(Stored records)
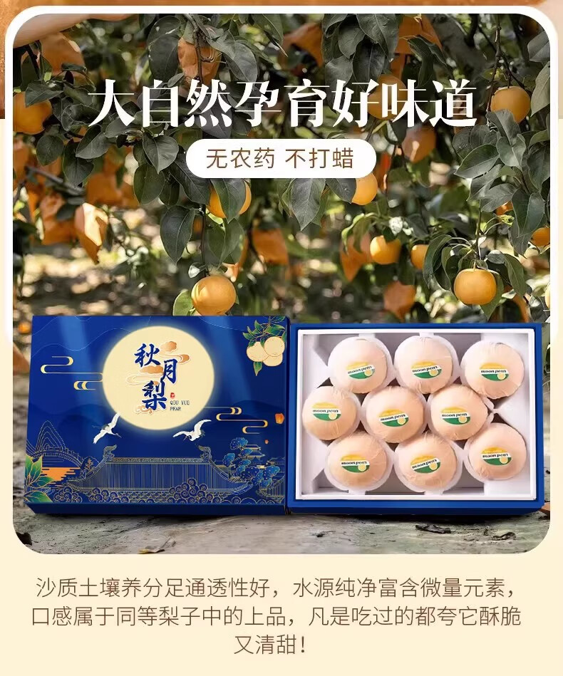 果跃霖山东莱阳秋月梨子冰糖丰水雪梨脆甜现摘新鲜水果中秋礼盒 5斤甄选装 【单果7-12枚】净重4.5斤 A+级30年老树果【清甜脆爽】
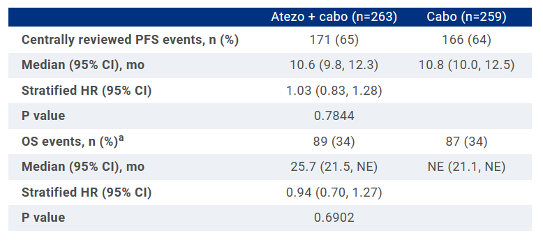 基于免疫检查点抑制剂(ICI)的治疗是转移性肾透明细胞癌的标准一线治疗。ICI治疗期间或治疗后疾病进展的治疗选择有限,仅有卡博替尼(cabo)等药物。CONTACT-03评估了在既往ICI治疗期间或之后发生进展的转移性RCC患者中,阿替利珠单抗(atezo)联合卡博替尼对比卡博替尼单药方案的疗效和安全性[6]。
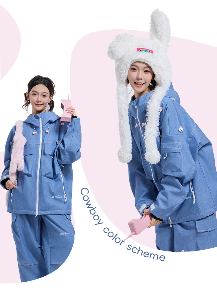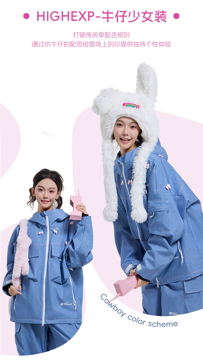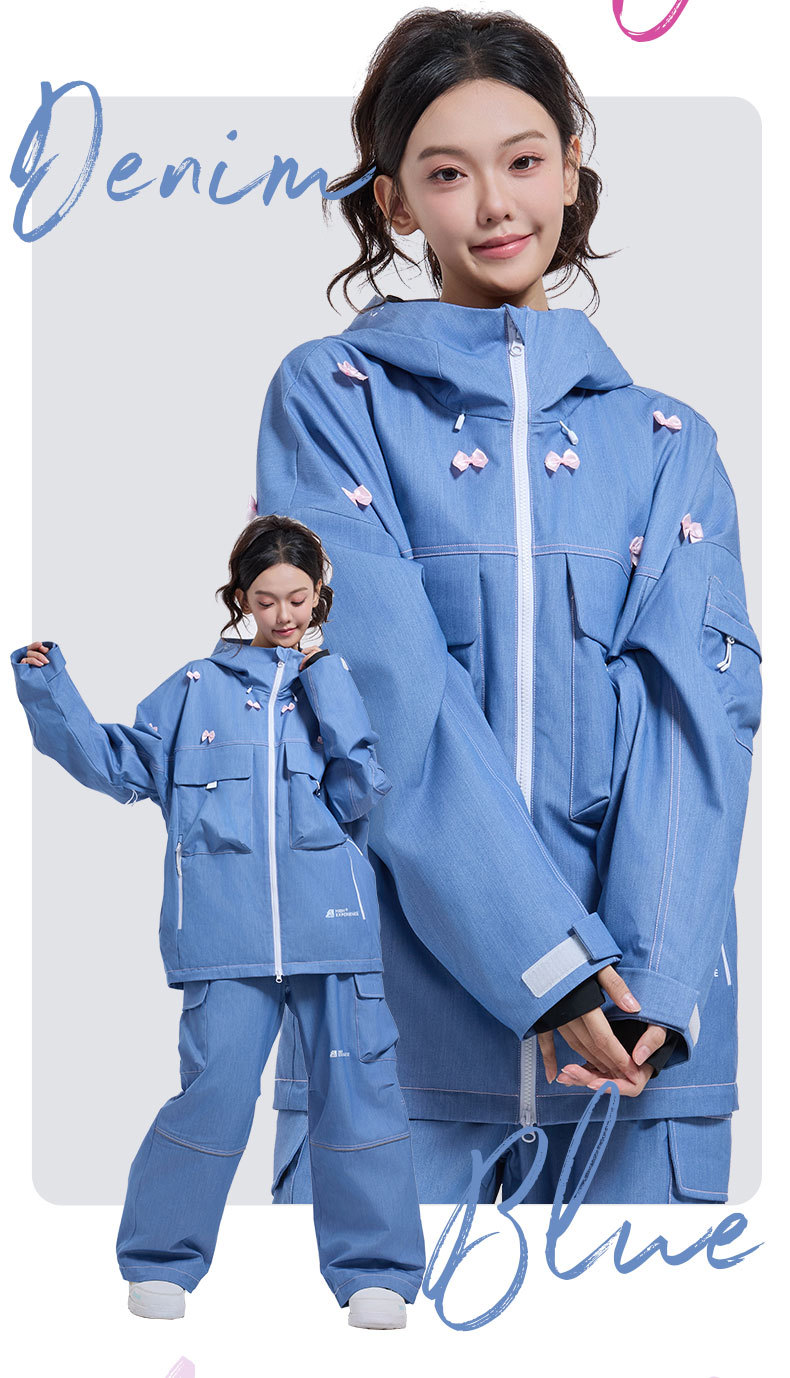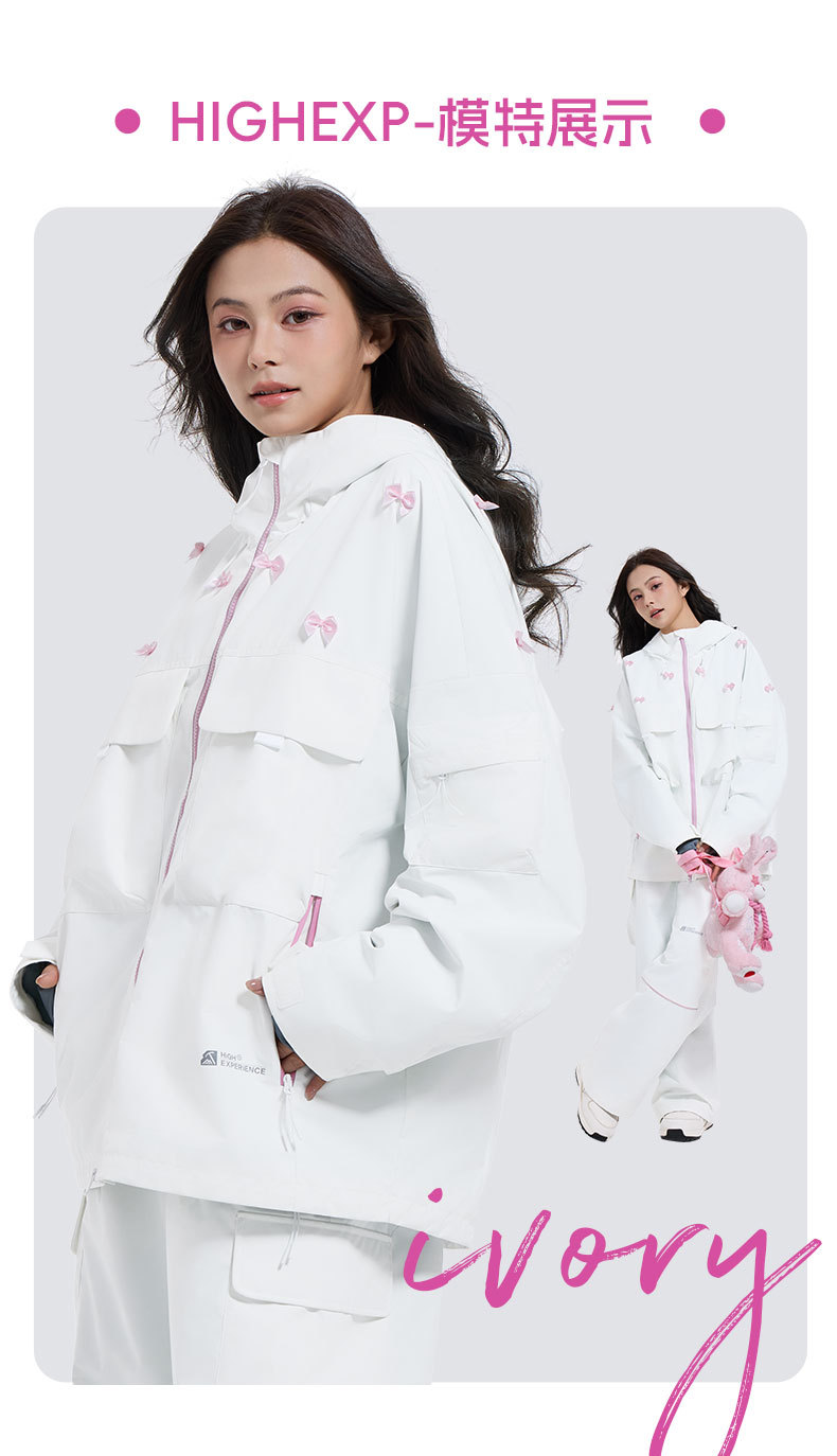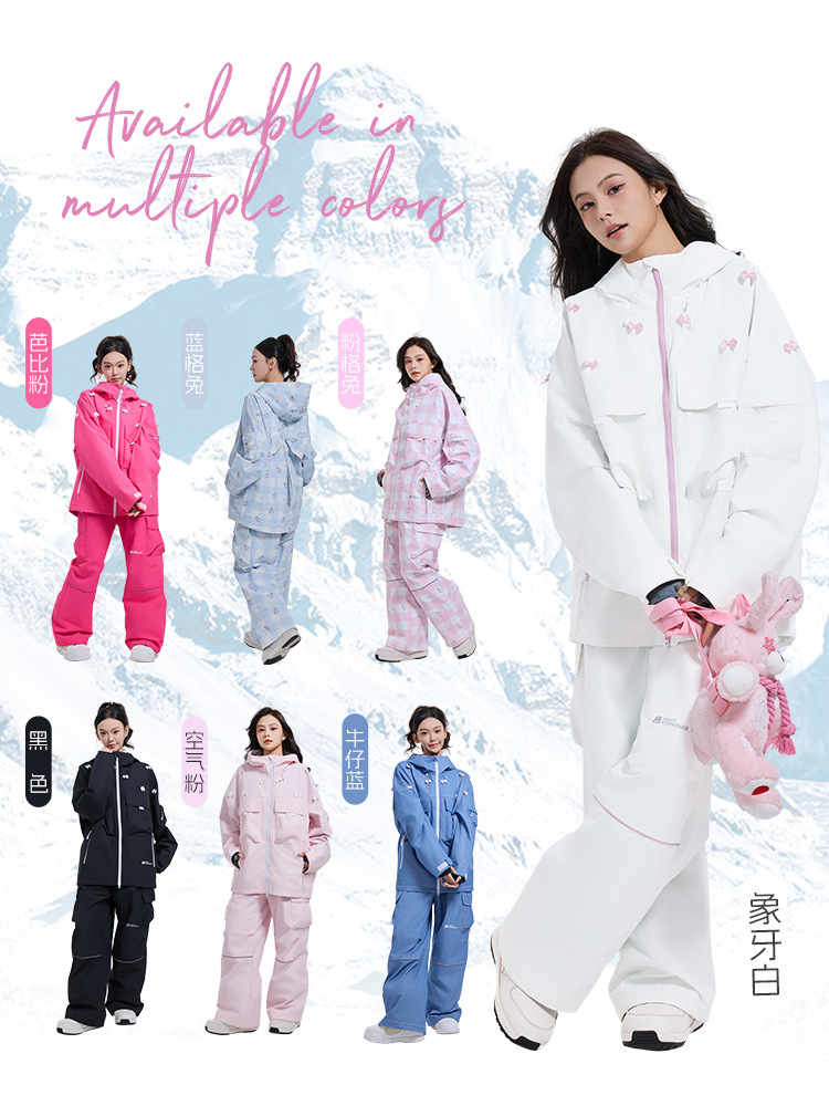 Новый продукт милый сладкий ветрозащитный водонепроницаемый лыжный пальто лыжный костюм женский шпон двойной доски бант износостойкий и теплый
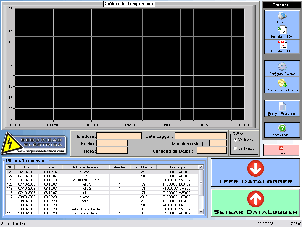 The software allows you to generate the impression of temperature charts and export data from a test to format .Pdf or .Csv.
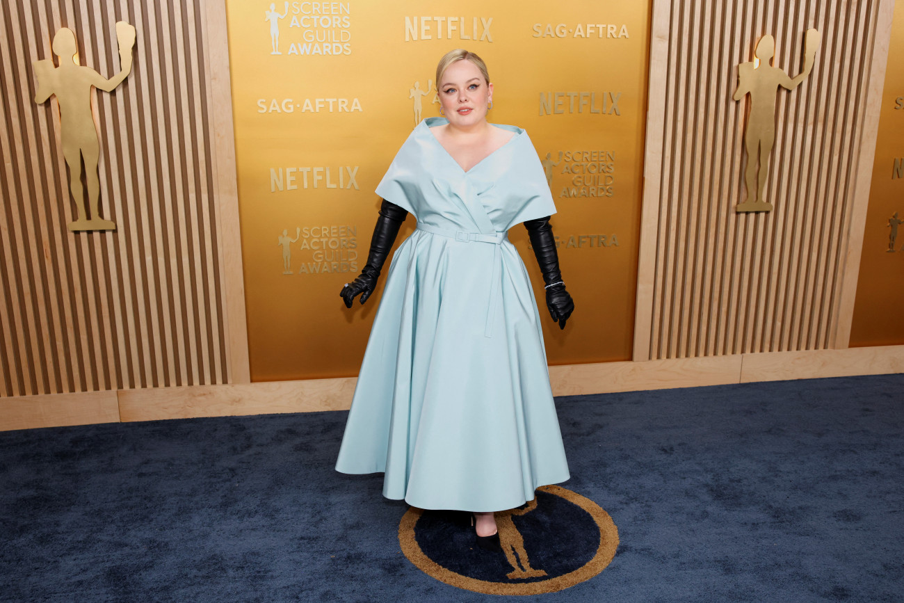 Η Νίκολα Κόκλαν με γαλάζιο Dior φόρεμά και ένα ζευγάρι μαύρα δερμάτινα γάντια | REUTERS/ Daniel Cole
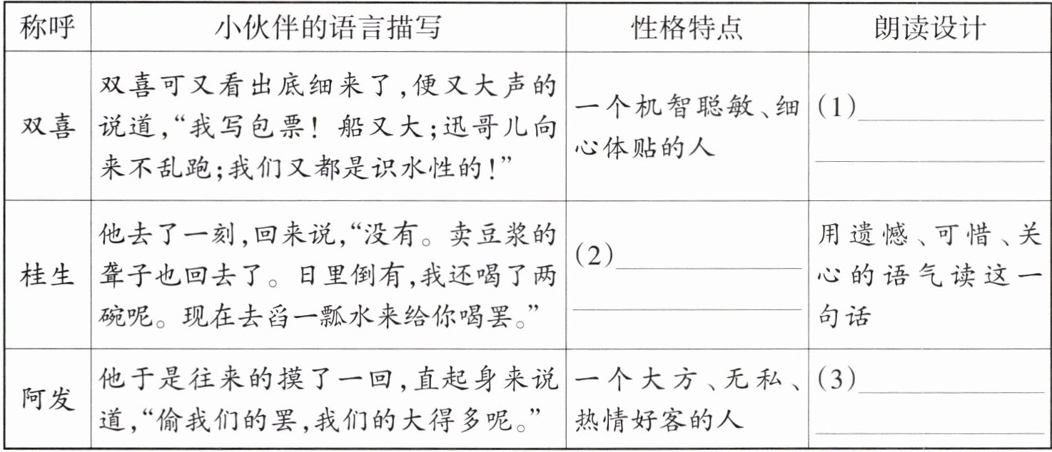 1. 阅读全文,补全表格中的内容。
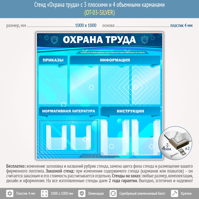 Стенд «Охрана труда» с 4 плоскими и 4 объемными карманами (OT-03-SILVER) в Верее купить
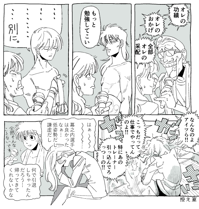 栗田を描いたのでチラっと語るが、伊賀栗コンビはあれで終わりなんだろうか。伊賀が「俺はあんたのロボットじゃない」みたいな展開というか、あだち充のH2に出てくる栄京学園高校のような内部から崩壊していく展開をすごく期待している。別に伊賀を応援してるわけじゃなくて青木に花を持たせてやりたい
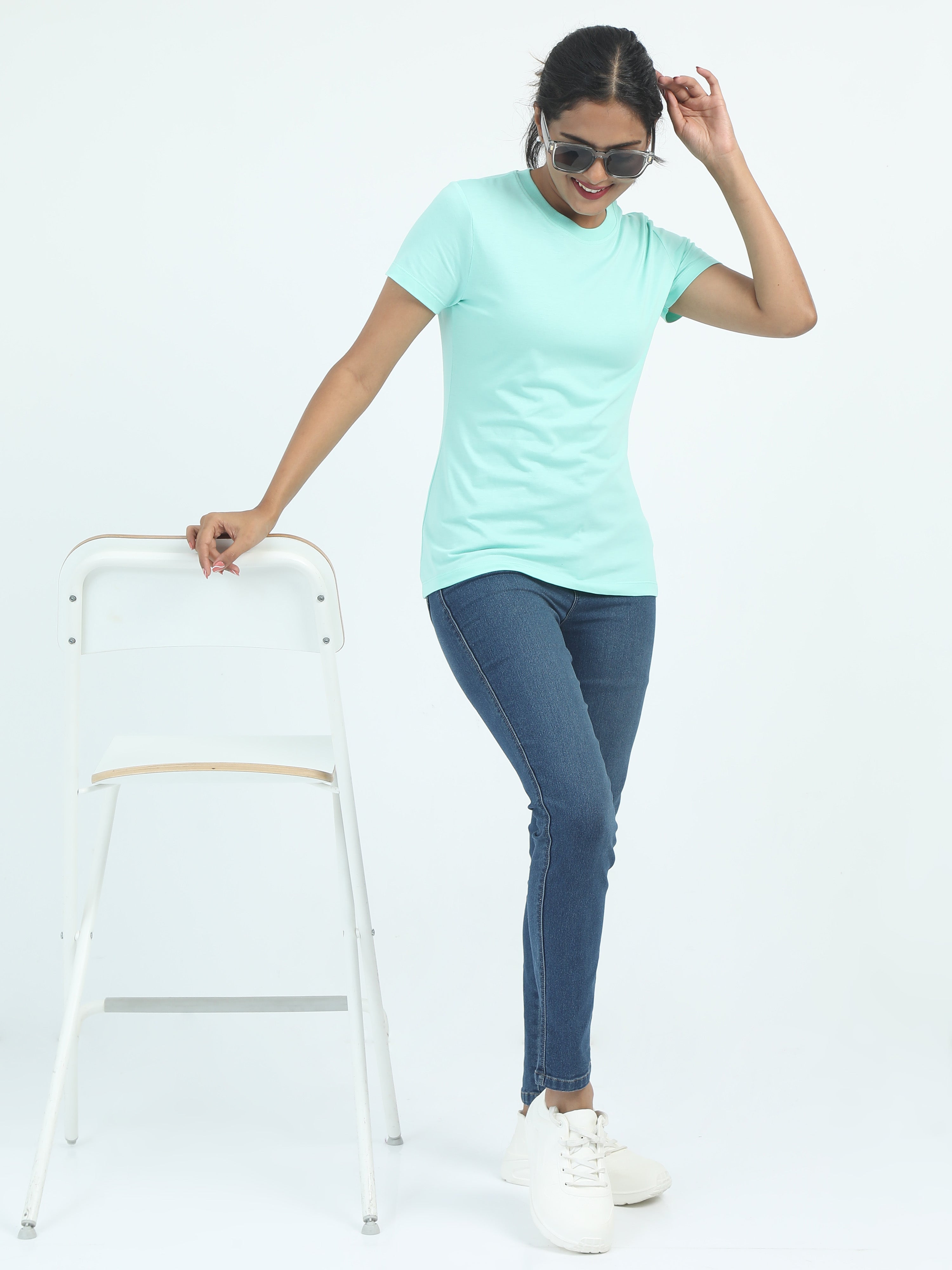 Experience Everyday Comfort With Our Women's Solid Crew Neck T-Shirt – A Wardrobe Essential Designed For Effortless Style. Made From Bio-Washed Cotton, This Tee Offers A Soft Hand Feel, Ensuring All-Day Comfort.

WHAT THIS TASK INVOLVES
Beginning with the first line of the entries above, repeat each line word for word until the line with "基于免疫检查点抑制剂(ICI" has been given too. Omit the pictures.

SOLUTION TO THIS EXERCISE
 果跃霖山东莱阳秋月梨子冰糖丰水雪梨脆甜现摘新鲜水果中秋礼盒 5斤甄选装 【单果7-12枚】净重4.5斤 A+级30年老树果【清甜脆爽】
 基于免疫检查点抑制剂(ICI)的治疗是转移性肾透明细胞癌的标准一线治疗。ICI治疗期间或治疗后疾病进展的治疗选择有限,仅有卡博替尼(cabo)等药物。CONTACT-03评估了在既往ICI治疗期间或之后发生进展的转移性RCC患者中,阿替利珠单抗(atezo)联合卡博替尼对比卡博替尼单药方案的疗效和安全性[6]。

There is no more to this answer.